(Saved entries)
—————

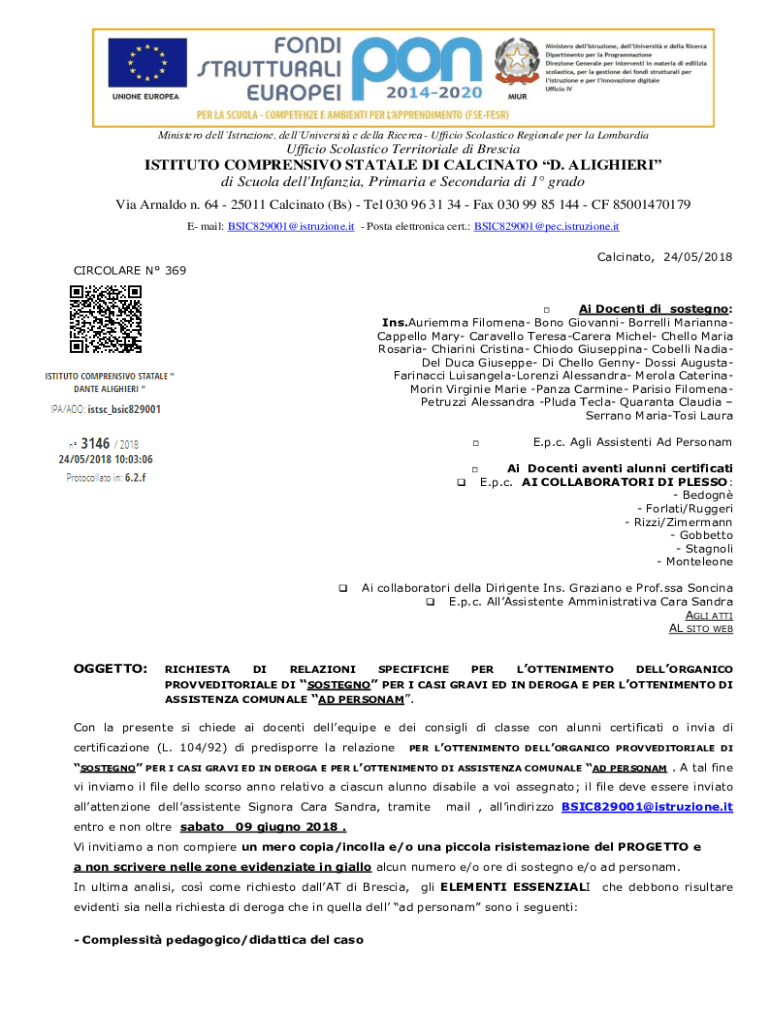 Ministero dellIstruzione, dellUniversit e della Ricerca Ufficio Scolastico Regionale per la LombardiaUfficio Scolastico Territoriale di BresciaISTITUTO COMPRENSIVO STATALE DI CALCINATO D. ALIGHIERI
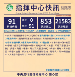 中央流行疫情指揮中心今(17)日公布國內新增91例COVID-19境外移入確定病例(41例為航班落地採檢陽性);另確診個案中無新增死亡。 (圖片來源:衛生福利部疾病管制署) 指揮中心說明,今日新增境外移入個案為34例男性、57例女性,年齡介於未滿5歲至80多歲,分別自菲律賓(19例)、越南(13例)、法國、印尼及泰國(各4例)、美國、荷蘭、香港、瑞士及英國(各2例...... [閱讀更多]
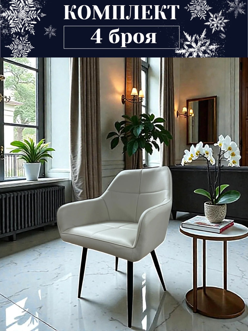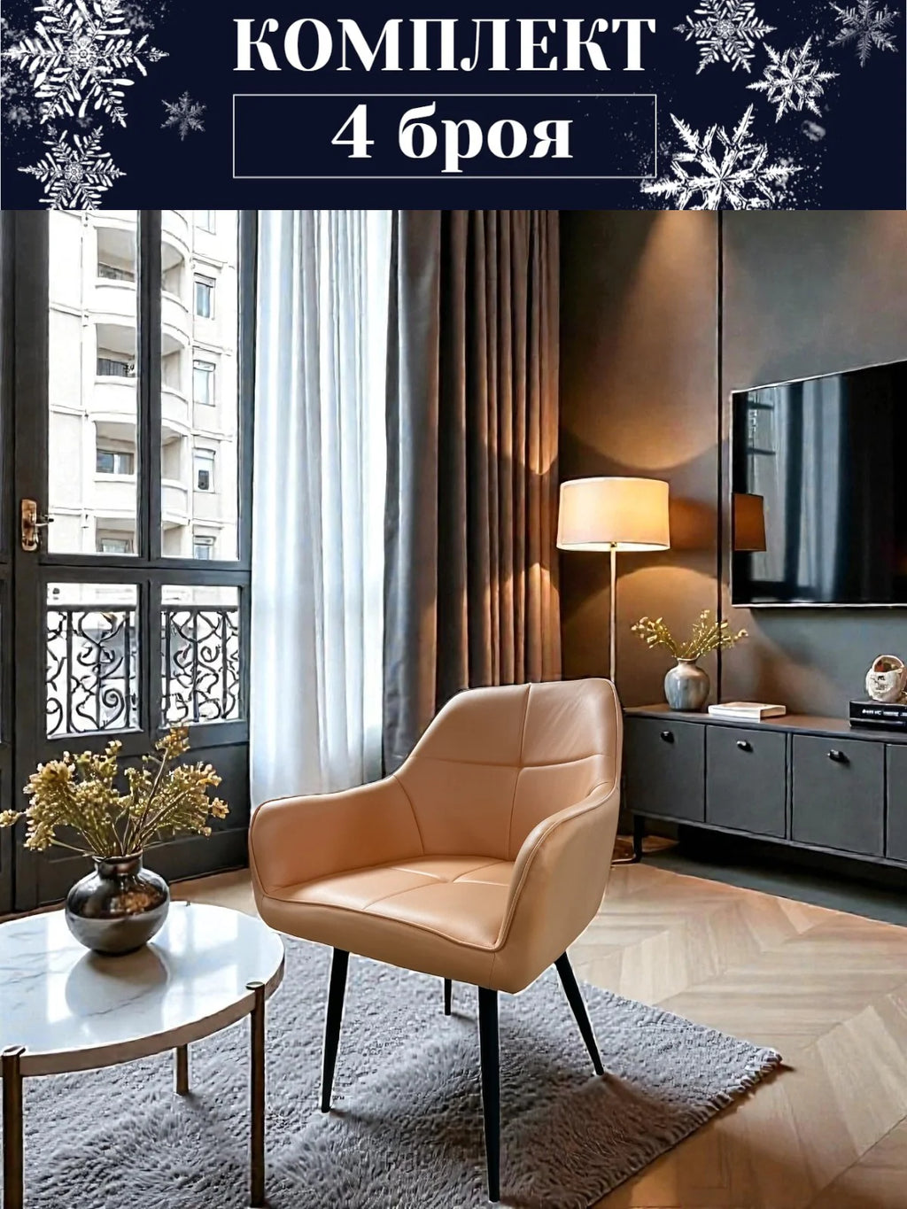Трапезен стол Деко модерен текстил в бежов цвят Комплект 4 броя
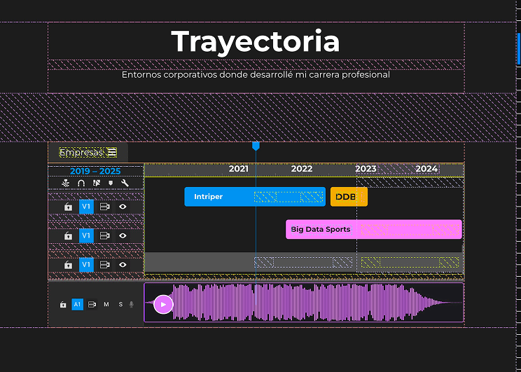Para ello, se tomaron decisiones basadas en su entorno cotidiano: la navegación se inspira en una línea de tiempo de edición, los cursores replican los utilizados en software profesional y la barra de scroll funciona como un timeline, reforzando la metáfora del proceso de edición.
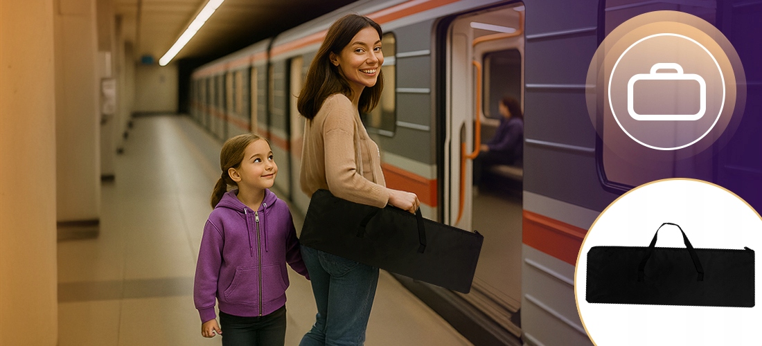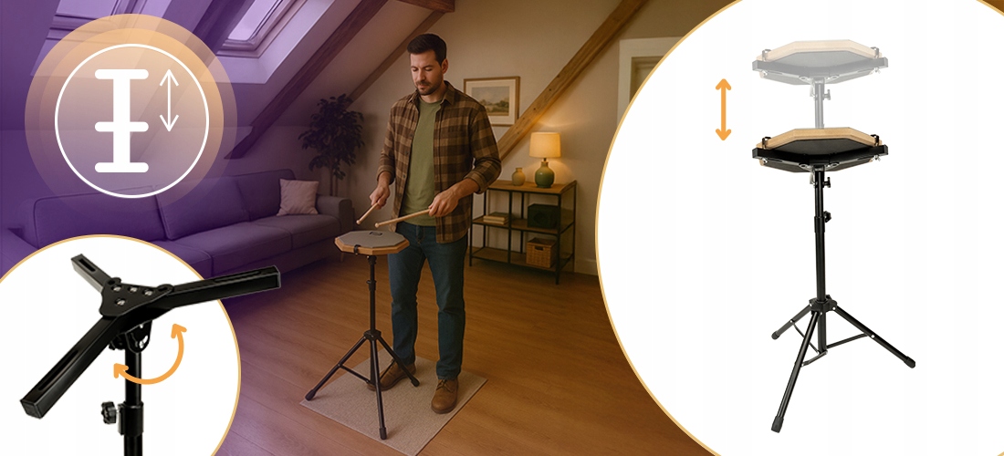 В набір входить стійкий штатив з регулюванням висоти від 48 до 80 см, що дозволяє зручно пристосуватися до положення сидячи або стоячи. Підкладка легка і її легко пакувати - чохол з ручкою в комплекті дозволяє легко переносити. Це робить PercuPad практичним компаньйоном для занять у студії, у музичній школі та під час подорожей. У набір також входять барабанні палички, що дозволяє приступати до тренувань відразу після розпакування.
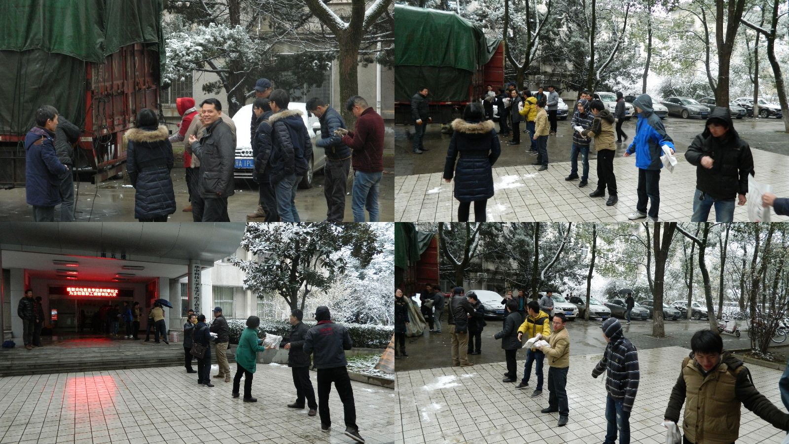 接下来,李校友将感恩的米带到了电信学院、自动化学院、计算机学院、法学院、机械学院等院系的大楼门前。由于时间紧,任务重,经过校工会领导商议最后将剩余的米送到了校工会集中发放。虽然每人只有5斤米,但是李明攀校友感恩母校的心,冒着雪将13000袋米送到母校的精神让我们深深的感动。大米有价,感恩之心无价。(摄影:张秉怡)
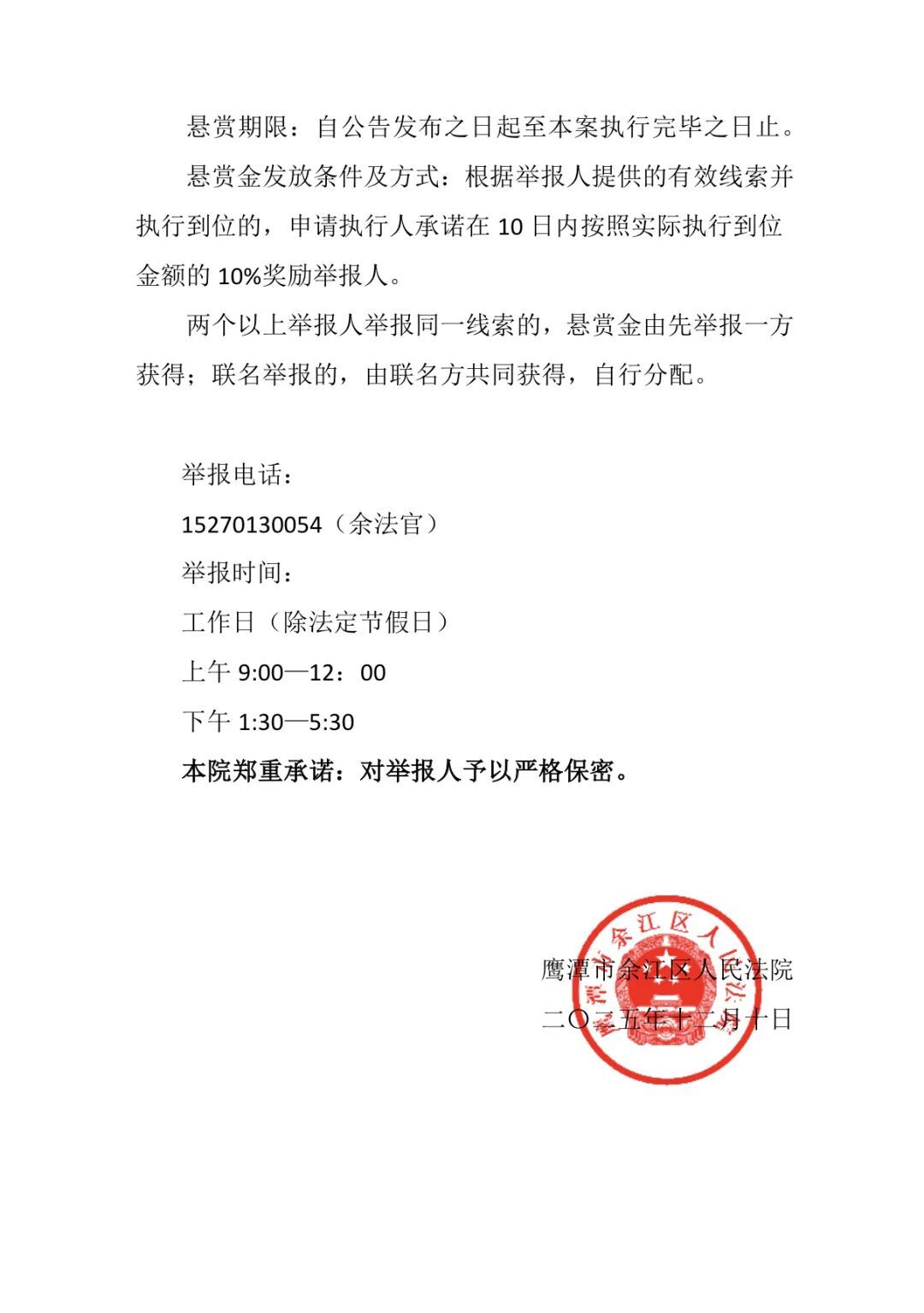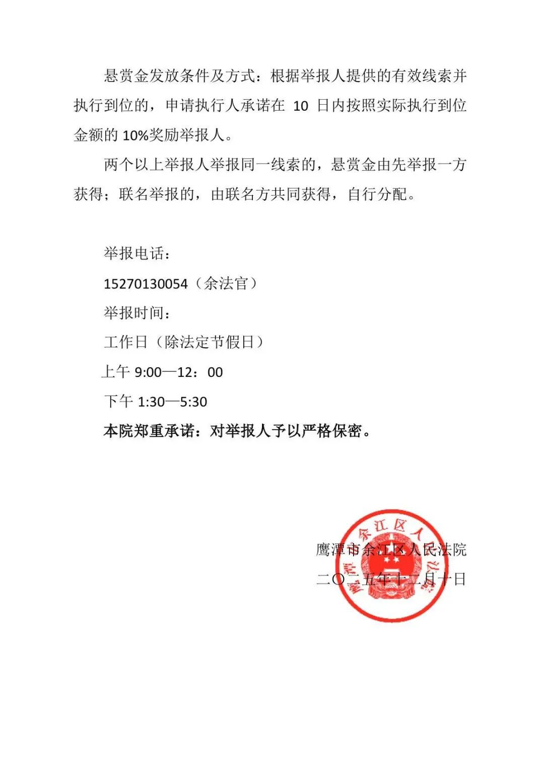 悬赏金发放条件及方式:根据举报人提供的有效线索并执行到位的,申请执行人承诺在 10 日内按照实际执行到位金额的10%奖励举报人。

—————

| About this task |
The data is to be returned exactly as it stands, pictures aside.

| Answer to the problem |
 Ministero dellIstruzione, dellUniversit e della Ricerca Ufficio Scolastico Regionale per la LombardiaUfficio Scolastico Territoriale di BresciaISTITUTO COMPRENSIVO STATALE DI CALCINATO D. ALIGHIERI
 中央流行疫情指揮中心今(17)日公布國內新增91例COVID-19境外移入確定病例(41例為航班落地採檢陽性);另確診個案中無新增死亡。 (圖片來源:衛生福利部疾病管制署) 指揮中心說明,今日新增境外移入個案為34例男性、57例女性,年齡介於未滿5歲至80多歲,分別自菲律賓(19例)、越南(13例)、法國、印尼及泰國(各4例)、美國、荷蘭、香港、瑞士及英國(各2例...... [閱讀更多]
Трапезен стол Деко модерен текстил в бежов цвят Комплект 4 броя
Para ello, se tomaron decisiones basadas en su entorno cotidiano: la navegación se inspira en una línea de tiempo de edición, los cursores replican los utilizados en software profesional y la barra de scroll funciona como un timeline, reforzando la metáfora del proceso de edición.
 В набір входить стійкий штатив з регулюванням висоти від 48 до 80 см, що дозволяє зручно пристосуватися до положення сидячи або стоячи. Підкладка легка і її легко пакувати - чохол з ручкою в комплекті дозволяє легко переносити. Це робить PercuPad практичним компаньйоном для занять у студії, у музичній школі та під час подорожей. У набір також входять барабанні палички, що дозволяє приступати до тренувань відразу після розпакування.
 接下来,李校友将感恩的米带到了电信学院、自动化学院、计算机学院、法学院、机械学院等院系的大楼门前。由于时间紧,任务重,经过校工会领导商议最后将剩余的米送到了校工会集中发放。虽然每人只有5斤米,但是李明攀校友感恩母校的心,冒着雪将13000袋米送到母校的精神让我们深深的感动。大米有价,感恩之心无价。(摄影:张秉怡)
 悬赏金发放条件及方式:根据举报人提供的有效线索并执行到位的,申请执行人承诺在 10 日内按照实际执行到位金额的10%奖励举报人。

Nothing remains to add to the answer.